原文地址:http://blog.csdn.net/mach_learn/article/details/41824737?utm_source=tuicool&utm_medium=referral
1、本地运行出错及解决办法
当运行如下命令时:
- ./bin/spark-submit \
- --class org.apache.spark.examples.mllib.JavaALS \
- --master local[*] \
- /opt/cloudera/parcels/CDH-5.1.2-1.cdh5.1.2.p0.3/lib/hadoop-yarn/lib/spark-examples_2.10-1.0.0-cdh5.1.2.jar \
- /user/data/netflix_rating 10 10 /user/data/result
会出现如下错误:
- Exception in thread "main" java.lang.RuntimeException: java.io.IOException: No FileSystem for scheme: hdfs
- at org.apache.hadoop.mapred.JobConf.getWorkingDirectory(JobConf.java:657)
- at org.apache.hadoop.mapred.FileInputFormat.setInputPaths(FileInputFormat.java:389)
- at org.apache.hadoop.mapred.FileInputFormat.setInputPaths(FileInputFormat.java:362)
- at org.apache.spark.SparkContext$$anonfun$22.apply(SparkContext.scala:546)
- at org.apache.spark.SparkContext$$anonfun$22.apply(SparkContext.scala:546)
- at org.apache.spark.rdd.HadoopRDD$$anonfun$getJobConf$1.apply(HadoopRDD.scala:145)
- at org.apache.spark.rdd.HadoopRDD$$anonfun$getJobConf$1.apply(HadoopRDD.scala:145)
- at scala.Option.map(Option.scala:145)
- at org.apache.spark.rdd.HadoopRDD.getJobConf(HadoopRDD.scala:145)
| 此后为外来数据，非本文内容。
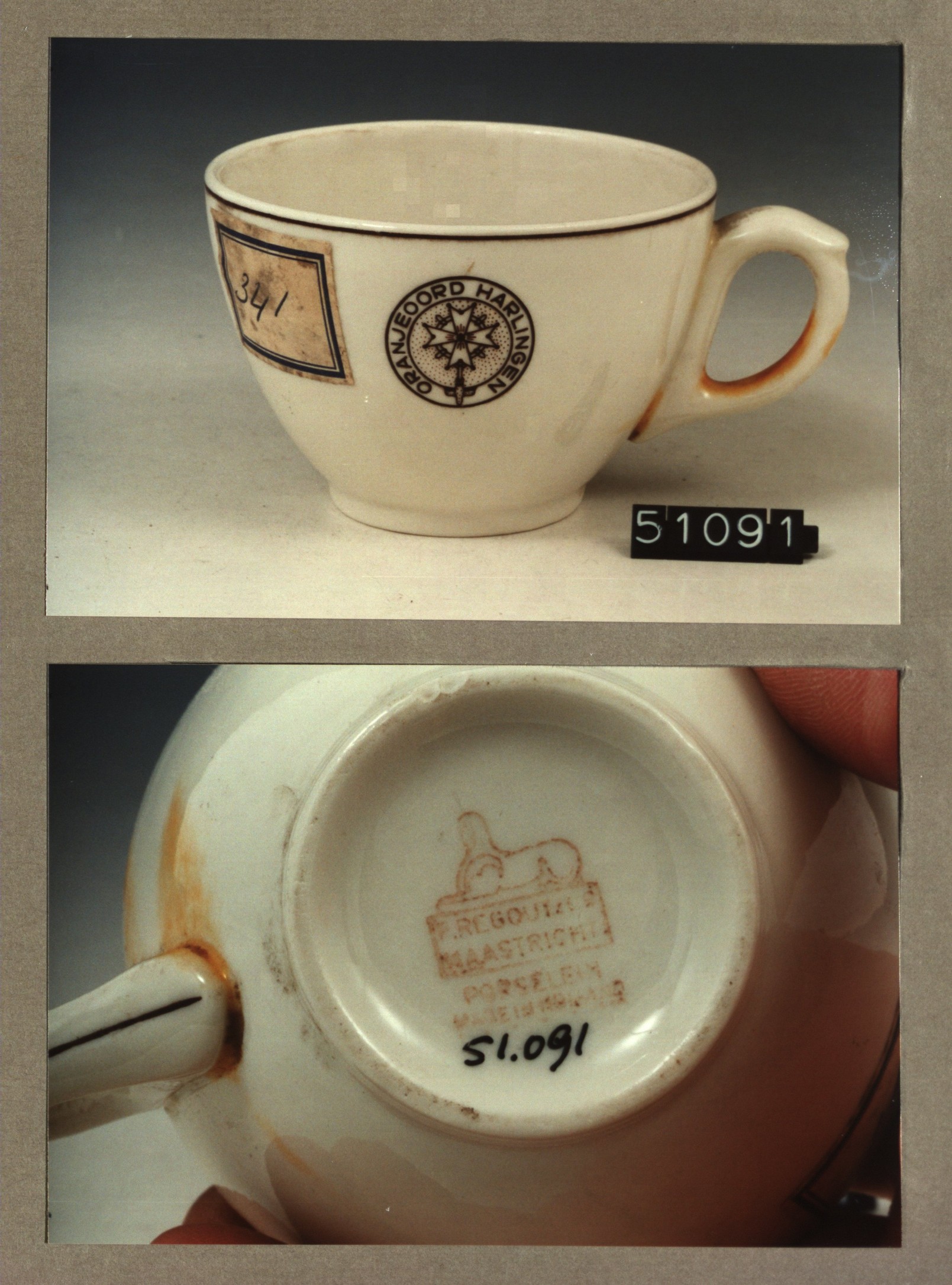 Kop met opschrift, model SMN met decor Oranjeoord Ha...

- at org.apache.spark.rdd.HadoopRDD.getPartitions(HadoopRDD.scala:168)
- at org.apache.spark.rdd.RDD$$anonfun$partitions$2.apply(RDD.scala:204)
- at org.apache.spark.rdd.RDD$$anonfun$partitions$2.apply(RDD.scala:202)
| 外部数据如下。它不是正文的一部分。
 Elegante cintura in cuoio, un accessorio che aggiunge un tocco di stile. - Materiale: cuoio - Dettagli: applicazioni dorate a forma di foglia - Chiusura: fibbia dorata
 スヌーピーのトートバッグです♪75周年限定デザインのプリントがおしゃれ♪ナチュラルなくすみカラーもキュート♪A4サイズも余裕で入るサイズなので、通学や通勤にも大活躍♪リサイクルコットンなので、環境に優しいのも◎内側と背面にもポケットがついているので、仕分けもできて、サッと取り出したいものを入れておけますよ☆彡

- at scala.Option.getOrElse(Option.scala:120)
- at org.apache.spark.rdd.RDD.partitions(RDD.scala:202)
- at org.apache.spark.rdd.MappedRDD.getPartitions(MappedRDD.scala:28)
- at org.apache.spark.rdd.RDD$$anonfun$partitions$2.apply(RDD.scala:204)
- at org.apache.spark.rdd.RDD$$anonfun$partitions$2.apply(RDD.scala:202)
- at scala.Option.getOrElse(Option.scala:120)
- at org.apache.spark.rdd.RDD.partitions(RDD.scala:202)
- at org.apache.spark.rdd.MappedRDD.getPartitions(MappedRDD.scala:28)
- at org.apache.spark.rdd.RDD$$anonfun$partitions$2.apply(RDD.scala:204)
- at org.apache.spark.rdd.RDD$$anonfun$partitions$2.apply(RDD.scala:202)
- at scala.Option.getOrElse(Option.scala:120)
- at org.apache.spark.rdd.RDD.partitions(RDD.scala:202)
- at org.apache.spark.mllib.recommendation.ALS.run(ALS.scala:167)
- at org.apache.spark.mllib.recommendation.ALS$.train(ALS.scala:599)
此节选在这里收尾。